LINK: A new look at Teach for America

Around the country today thousands of young Teach for America recruits are getting a crash course in how to teach students in low-income urban and rural schools, a job they have promised to do for the next two years.

The recruits are recent graduates from elite colleges, most of whom do not have a background in education, and they have been the subject of a running debate about how well they can serve needy schoolchildren.

Teach for America began in 1990 with 500 teachers in six communities and has grown to more than 8,200 individuals teaching in 39 rural and urban areas, including the San Francisco Bay Area, Chicago, the Mississippi Delta, and the Washington D.C. region.

Following are highlights of a new review of independent researchvidence on the program, an analysis conducted by Assistant Professor Julian Vasquez Heilig of the University of Texas at Austin and Assistant Professor Su Jin Jez of California State University at Sacramento.

They conclude:
*More than 50 percent of Teach for America teachers leave after two years and more than 80 percent leave after three years. [About half of all teachers nationwide quit after five years, according to the National Education Association.]
-Teach for America proponents say that the program is aimed not only at supplying teachers to needy schools but also improving the teacher labor supply and shaping individuals who will care about education in their future jobs on Wall Street, in Washington, or elsewhere outside the classroom.

*Studies indicate that students of novice Teach for America teachers perform significantly less well in reading and math than those of credentialed beginning teachers.

*Most studies find that those Teach for America teachers who stay long enough to become fully credentialed (typically after two years) appear to do about as well as other similarly experienced cedentialed teachers in teaching reading, and do as well as, and sometimes better than, a comparison group in teaching math.
--The study said it is difficult to know if that is a result of additional training and experience or from attrition of less effective Teach for America teachers.

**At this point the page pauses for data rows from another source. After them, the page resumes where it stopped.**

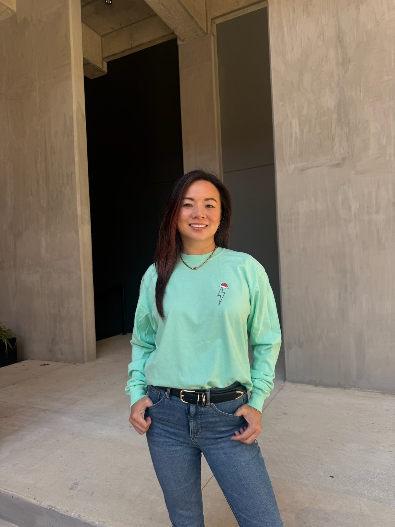 Get festive with the Merry and Aligned Tee, the perfect holiday shirt for spine surgeons, neurologists, chiropractors, and anyone who loves to celebrate spines during Christmastime. This light green, unisex, long sleeve tee features a detailed anatomical spine wrapped in colorful Christmas lights on the back and a lightning bolt with a Santa hat on the front. Made from a soft, durable, ring-spun cotton, it’s perfect for clinic days, holiday parties, or cozy weekends.
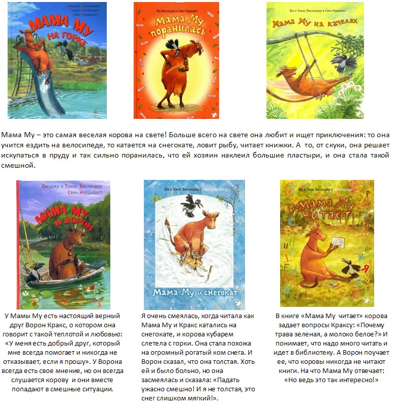 Эти книги очень добрые и душевные! Они учат, как надо дружить, надо все пробовать и ничего не бояться. А какие в книгах красивые картинки! В Маму Му невозможно не влюбиться! Она такая добрая, веселая. Она умеет дружить и радоваться. Я хотела бы, чтобы у меня была такая подруга!
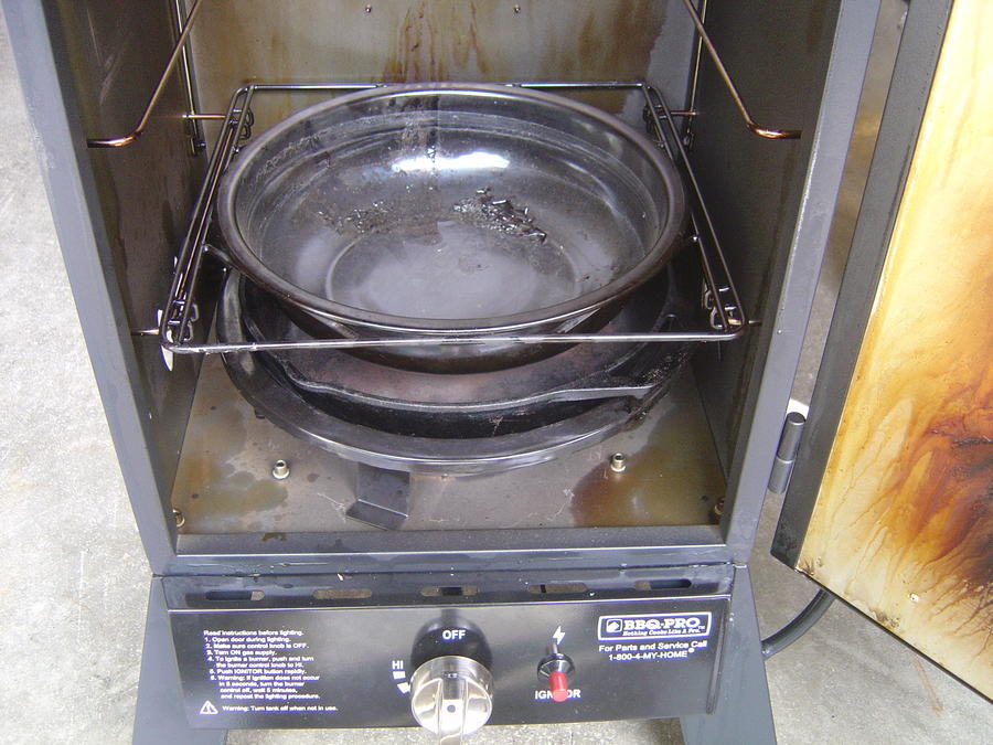 That seems to work much better and the wood burns much better. But now I had another problem. The water pan sits in a rack that has a large hole in the center, so that the water pan sits below the level of the rack by several inches. This puts the water pan so close to the frying pan that I was only able to use small wood chips and could not use larger wood chunks, which I like better. You can see what I mean in this picture.

*About a third of Teach for America’s operating costs are paid by the public through federal, state and local funds. For example, in 2008, the program was funded this way: 33 percent from public funds, 26 percent from foundations, 20 percent from individuals, 15 percent from corporations, and 6 percent from special events.

*Teach for America teachers make up about 0.2 percent of the country’s several million teachers.

The analysis concludes that proponents who see the program as providing urban and rural schools with “outstanding recent college graduates,” and opponents who see it as only a short-term remedy that “may not even be better than what it aims to fix” are both correct. It says:

“The studies reviewed in the previous section indicate that, in the short-term, when compared to other underprepared teachers hired into many high-need schools, they may compete well with similarly trained and situated non-TFA teachers (even if just marginally better and only in mathematics).

"However, TFA opponents are correct, too. TFA teachers appear less effective in both reading and mathematics than fully prepared entrants teaching similar students, at least until the TFA teachers become prepared and certified themselves.

"While the small number who stay this long are sometimes found to be more effective in mathematics than other teachers, their attrition rate of more than 80 percent means that few students receive the benefit of this greater effectiveness, while districts pay the costs of high attrition. In addition, TFA provides only a (small) fraction of America’s teachers to a small number of America’s schools, and likely has little to no impact outside of its participating schools. Unless it starts admitting larger swaths of college seniors and potentially watering down the quality of its corps members, it will not ever comprise more than a small fraction of America’s teachers.

"Finally, even in the limited cases when TFA has a positive impact, it is consistently small; other educational reforms may have more promise such as universal pre-school, mentoring programs that pair novice and expert teachers, eliminating tracking, and reducing class size in the early grades."

It recommends that policymakers and school districts:

*Support Teach for America staffing only when the alternative hiring pool consists of uncertified and emergency teachers or substitutes.

*Consider the significant recurring costs of Teach for America, estimated at over $70,000 per recruit, and press for a five-year commitment to improve achievement and reduce re-staffing.

*Invest strategically in evidence-based educational reform options that build long-term capacity in schools.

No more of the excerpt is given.